La Junta de Castilla y León ha autorizado el aprovechamiento del agua mineral natural procedente del sondeo denominado 'Jamuz', ubicado en la localidad de Quintanilla de Flórez, para la puesta en marcha de una embotelladora que promueve en el municipio de Quintana y Congosto la sociedad Sierra de Lobos, S.L., detrás de la que se encuentra el grupo Pascual, que prevé explotar esta planta a través de su marca de agua Bezoya.
Un proyecto donde según aparece publicado en el Boletín Oficial de Castilla y León, la sociedad Sierra de Lobos, S.L. acometeré una inversión de más de 21 millones de euros en su primera fase, donde contempla invertir 4,8 millones destinados a obra civil y 16,7 millones para las labores de equipamiento.
La resolución de la Dirección General de Energía y Minas señala también que la empresa tendrá un volumen máximo de envasado de 500.000 metros cúbicos al año, así como un caudal máximo instantáneo de 40 litros por segundo. Además, fija que el la autorización para la explotación del sondeo podrá ser realizar por el grupo Pascual durante el periodo en que se mantengan las características de la condición mineral natural del agua y se cumplan las condiciones de la autorización de aprovechamiento.
Un embotelladora con un fuerte rechazo vecinal que a pesar de las 708 alegaciones presentadas por personas físicas y jurídicas sale adelante porque la resolución refleja que el proyecto cumple la legalidad y las medidas medioambientales pertinentes ante diferentes organismos e instituciones.

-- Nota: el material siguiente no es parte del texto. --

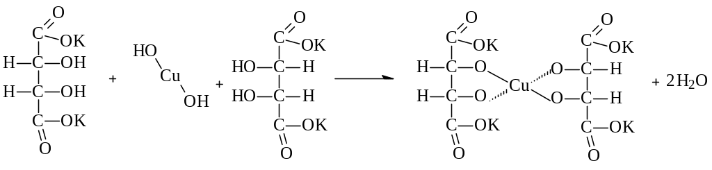 В пробирку наливают 2 мл 5% раствора сульфата меди и 1 мл 10%-ного раствора NaOH – выпадает голубой студенистый осадок гидроксида меди (II). К полученному осадку добавляют раствор тартрата калия, полученный в предыдущем опыте. Происходит растворение голубого осадка, и образование прозрачного раствора синего цвета вследствие получения растворимой комплексной соли меди за счет гидроксильных групп винной кислоты. При нагревании этого раствора не происходит никаких изменений: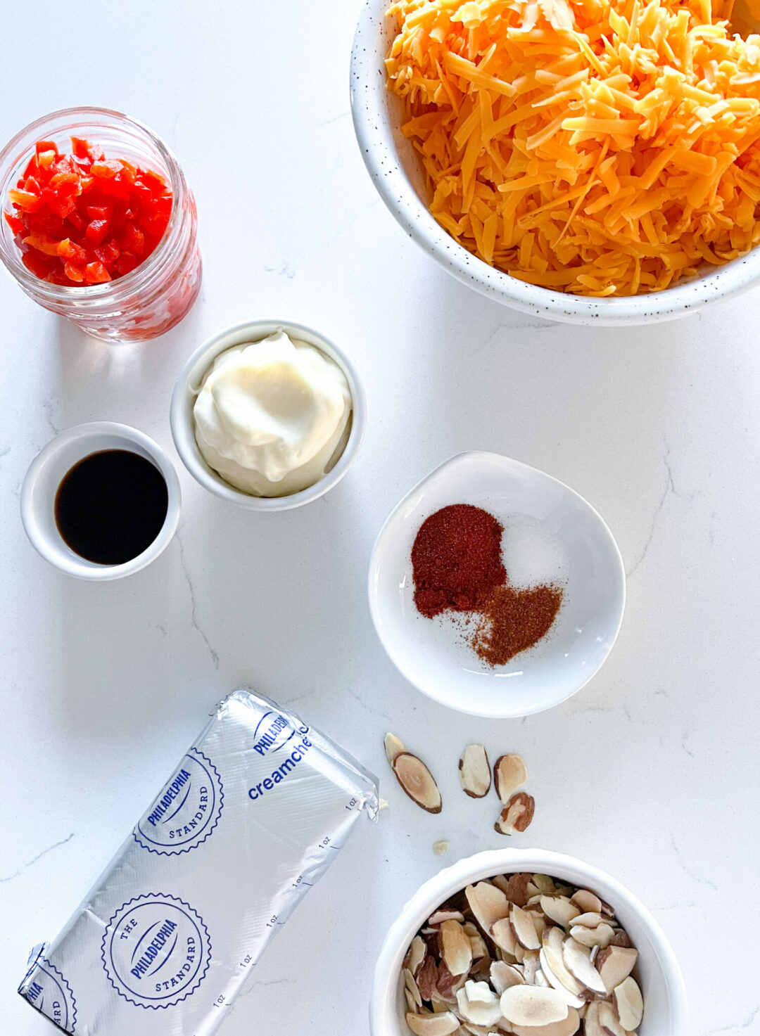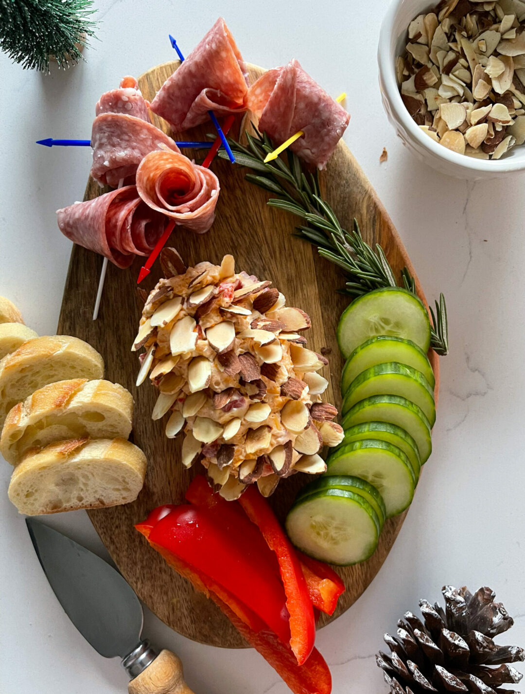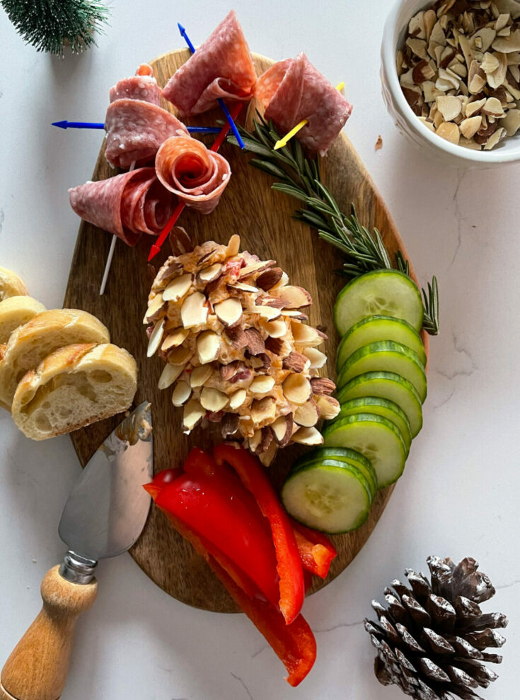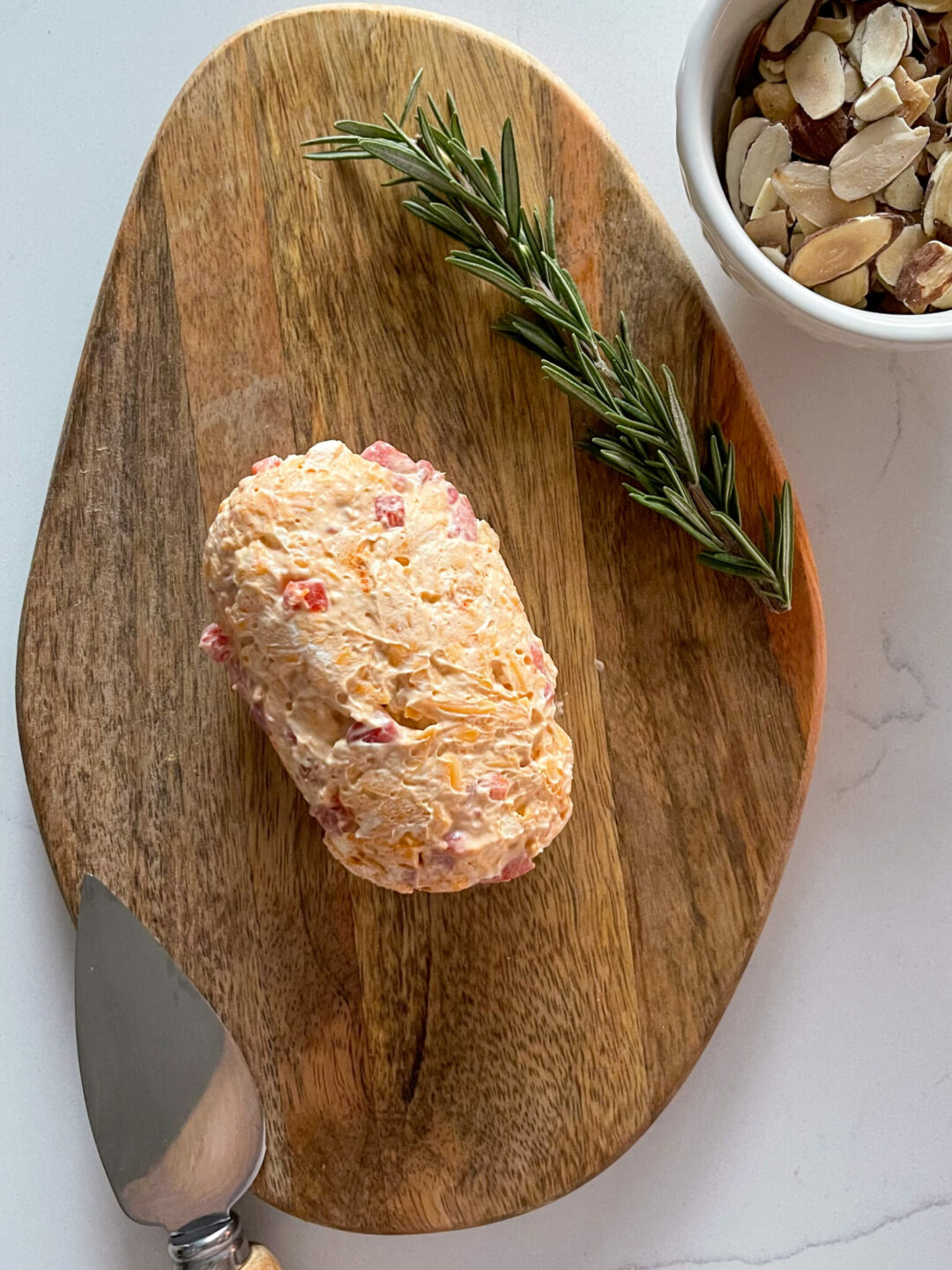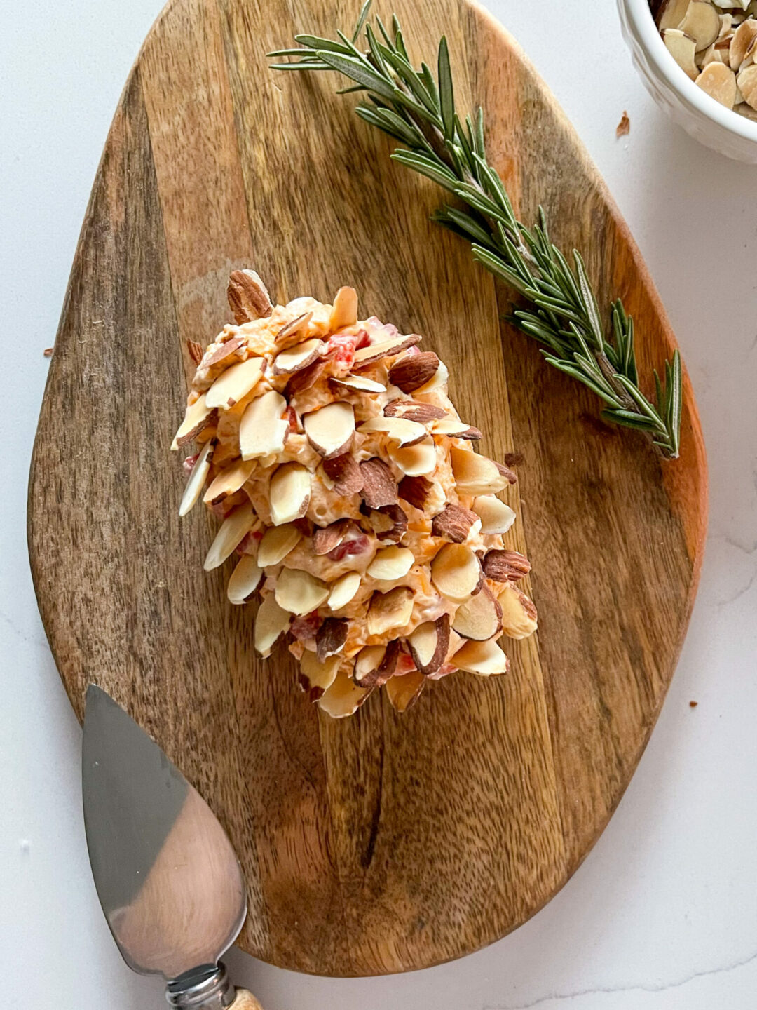 A cream cheese based pimento cheese studded with slivered almonds and formed into a fun and festive pinecone.

Cabe destacar que el proyecto general de aprovechamiento presentado contempla tres fases de explotación, no obstante, en base al informe emitido por la CHD de fecha de fecha de 23 de mayo de 2022, se limitará la presente autorización a la primera fase, con un volumen máximo de envasado de 500.000 metros cúbicos a año.

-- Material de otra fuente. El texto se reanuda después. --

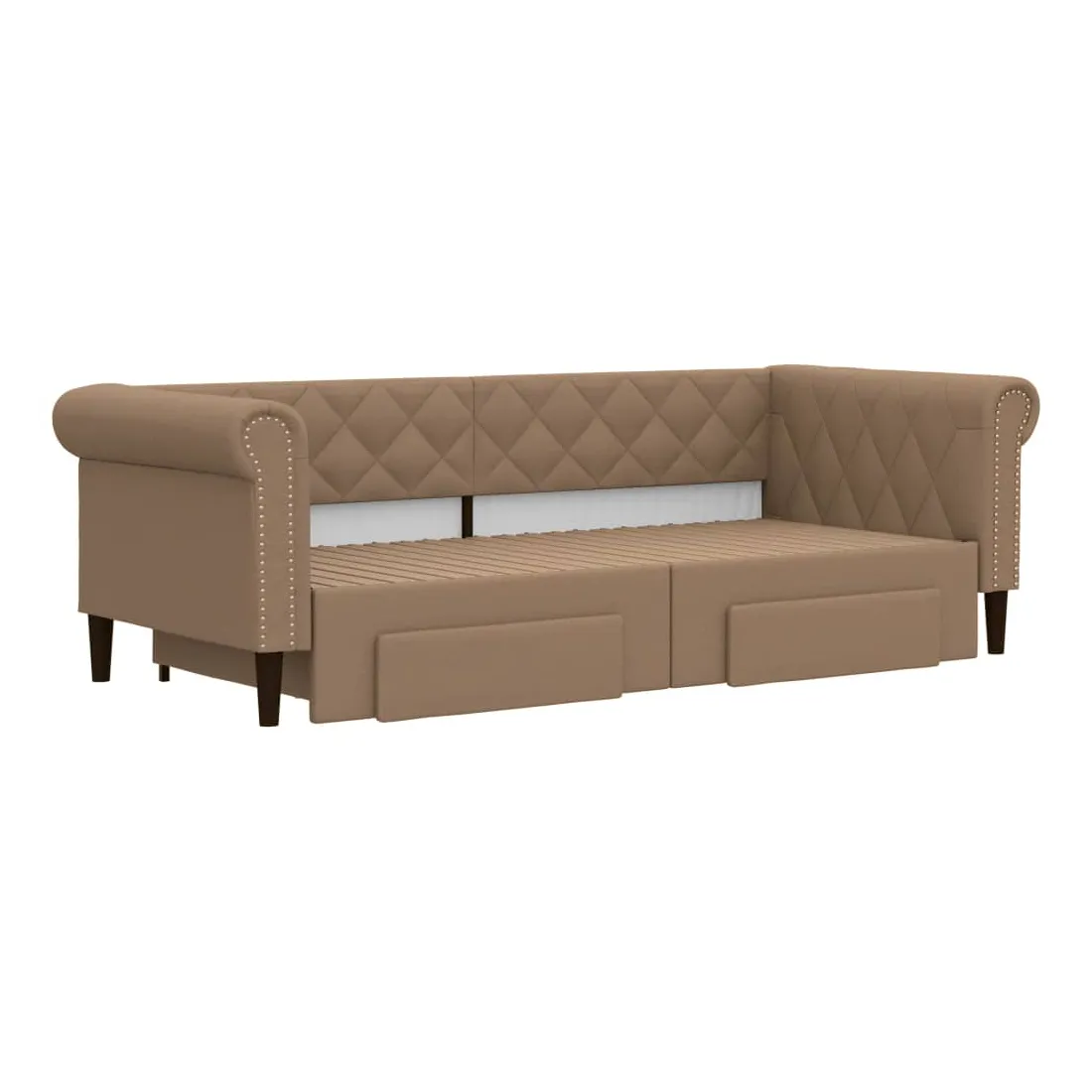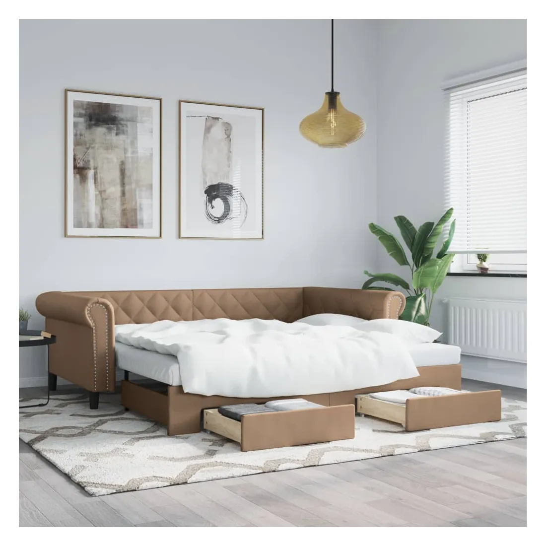 Ce lit de repos 2 en 1 avec lit gigogne, servant à la fois de canapé et de lit, constitue un supplément pratique et accrocheur à votre salon ou chambre à coucher. Lit de repos polyvalent : le canapé-lit fonctionne comme un canapé pendant la journée et se transforme facilement en lit double la nuit en retirant le lit gigogne, offrant une solution pratique pour accueillir des invités et maximiser l'espace.Grand espace de rangement : ce lit d'appoint dispose de deux tiroirs à roulettes qui offrent suffisamment d'espace pour ranger vos vêtements, chaussettes, jouets, coussins, etc.Similicuir durable et construction solide : ce canapé-lit a une structure robuste en bois et en métal et est recouvert d'un similicuir durable et facile à nettoyer.Design moderne : le canapé-lit a un design moderne qui présente des lignes épurées, un aspect minimaliste, ainsi que de la lumière naturelle, et ajoutera un style moderne à votre intérieur ! Bon à savoir :Les matelas ne sont pas inclus avec ce lit. Nous proposons une sélection variée de matelas. Vous pouvez consulter notre boutique pour trouver les matelas assortis.

Según proyecto, la instalación se compone de un pozo de sondeo para la extracción de agua mineral. El equipo de bombeo está situado a unos 64,70 metros de profundidad, mediante tuberías de acero inoxidable se transporta hasta los depósitos y filtros donde se libera el producto de posibles partículas en suspensión. Desde allí se reparte hasta las diferentes líneas de envasado.